» Recorded information
========

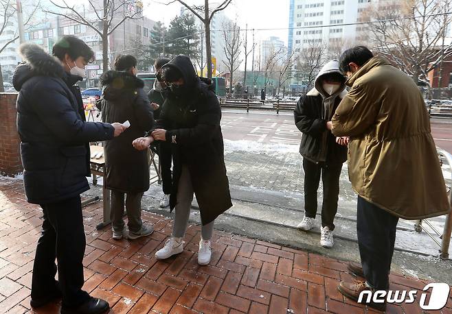 (서울=뉴스1) 사진공동취재단 = 13일 오전 서울 강서구 세현고등학교에서 비대면 화상 졸업식을 마친 학생들이 졸업장과 상장 수령을 위해 체온측정 후 학교로 들어가고 있다. 2021.1.13/뉴스1
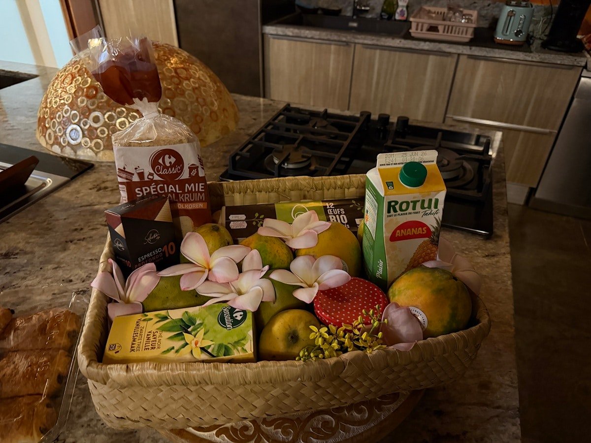 What’s also great about renting from Tahiti Homes is that they offer a selection of four breakfast baskets to start the stay, so you don’t need to worry about going to the grocery store on the first day. Our basket came with bread, eggs, mangos, papaya, butter, jam … Here’s more information.
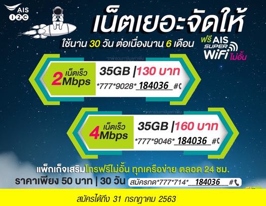 💥 โปรเน็ต AIS ความเร็ว 2Mbps | ใช้งานเน็ตได้ 35GB ✨ ราคาเพียง 130 บาท | 30 วัน ✨ ฟรี WiFi ไม่อั้น สมัครโปรกด *777*9028*184036# โทรออก

========

» Your objective
With every picture omitted, write out the material exactly from its first line through the line containing "What’s also great".

» Problem solution
 (서울=뉴스1) 사진공동취재단 = 13일 오전 서울 강서구 세현고등학교에서 비대면 화상 졸업식을 마친 학생들이 졸업장과 상장 수령을 위해 체온측정 후 학교로 들어가고 있다. 2021.1.13/뉴스1
 What’s also great about renting from Tahiti Homes is that they offer a selection of four breakfast baskets to start the stay, so you don’t need to worry about going to the grocery store on the first day. Our basket came with bread, eggs, mangos, papaya, butter, jam … Here’s more information.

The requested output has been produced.